R = E.point( ( 9007518108646169717637829256143902727256908604612852170262845383236308734546752870948023665818612994373405439104311563180515971827416888758364379345147971116263603311381076594736408857657724917306603115510356333363208849059629*j + 8143875544876203102731118758998042519548033956324586056599014675159430178641351639084698635604334996400279245810044652728374901773305503117205094200107841651156165349992200320758569566012680521517849444975619314122642286738078, 5933067621852699133314119054291511797259450704514751366342623924502189539964363940282453138760679452407770908256363554867263728524097776132882938143129922521585626385240622607283870971683009886348379499590584807528366215593257*j + 3243060684426863808401390460086135176972427334603406644358264254553792355536601776050361287848102972929373427788393162068323805718475829130551068182582167101080584984966674872491237953303465307684436948645319932524248022850554 ) )
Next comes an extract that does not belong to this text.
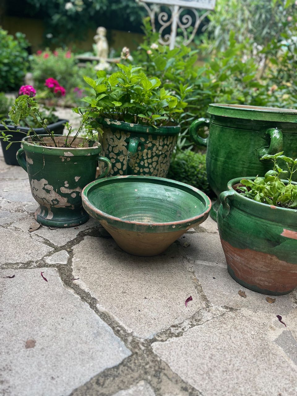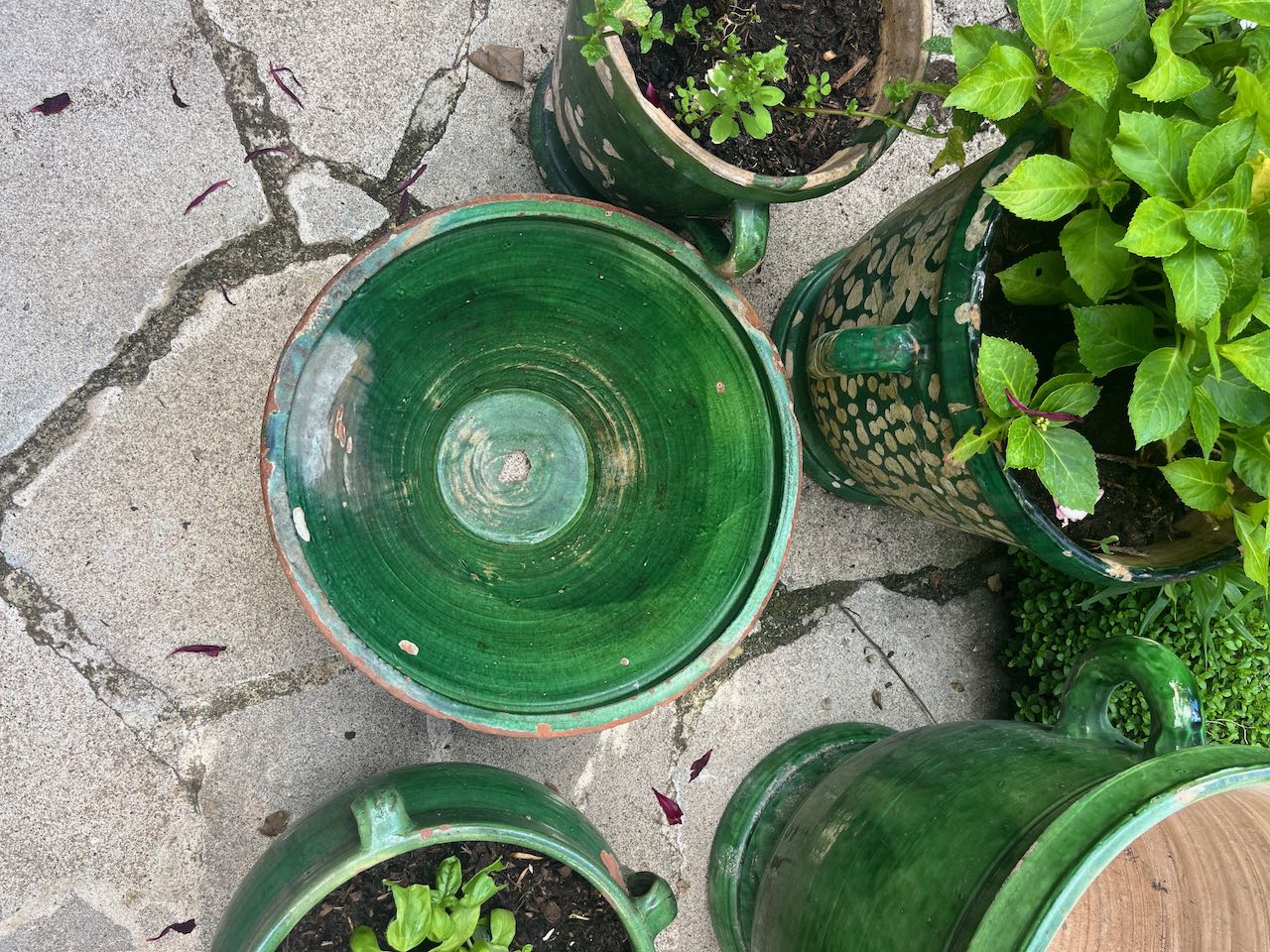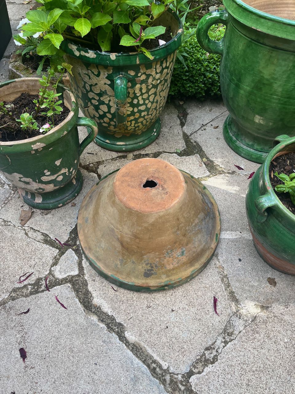 Gorgeous colour and shape.Handmade on a wheel. French antique. It has a hole at the bottom whcih could be utilised as a planter pot 44 across top x a8 h

phiP = E.point( ( 5784307033157574162391672474522522983832304511218905707704962058799572462719474192769980361922537187309960524475241186527300549088533941865412874661143122262830946833377212881592965099601886901183961091839303261748866970694633, 5528941793184617364511452300962695084942165460078897881580666552736555418273496645894674314774001072353816966764689493098122556662755842001969781687909521301233517912821073526079191975713749455487083964491867894271185073160661 ) )

phiQ = E.point( ( 4570410708611731090586095763344282337595085134330165462411227620255106477963004653732902534638529526314592687143599015857903362887988612527631285807628029554145760006701700452765434631350888025796273995011688240123798680882198, 5528941793184617364511452300962695084942165460078897881580666552736555418273496645894674314774001072353816966764689493098122556662755842001969781687909521301233517912821073526079191975713749455487083964491867894271185073160661*j ) )

points = [ phiP, phiQ ]

R_list = []
degrees_list = []
S = R
while S != E(0):
R_list      .append( S )
degrees_list.append( 3 )
S = 3*S
X = ( E, R_list, points, degrees_list )
XX = X

count = 0
while XX:
XX = pointIsogeny( *XX )
count += 1
# print "Step %3s :: Passing to %s" % ( count, XX )
print "Step %3s DONE" % count


In this moment, the object XX contains the image curve E239, and the image points points239 as follows:

E239, _, points239, _ = XX


It remains to print and use the two objects E239 and points239. I think, the question wanted them.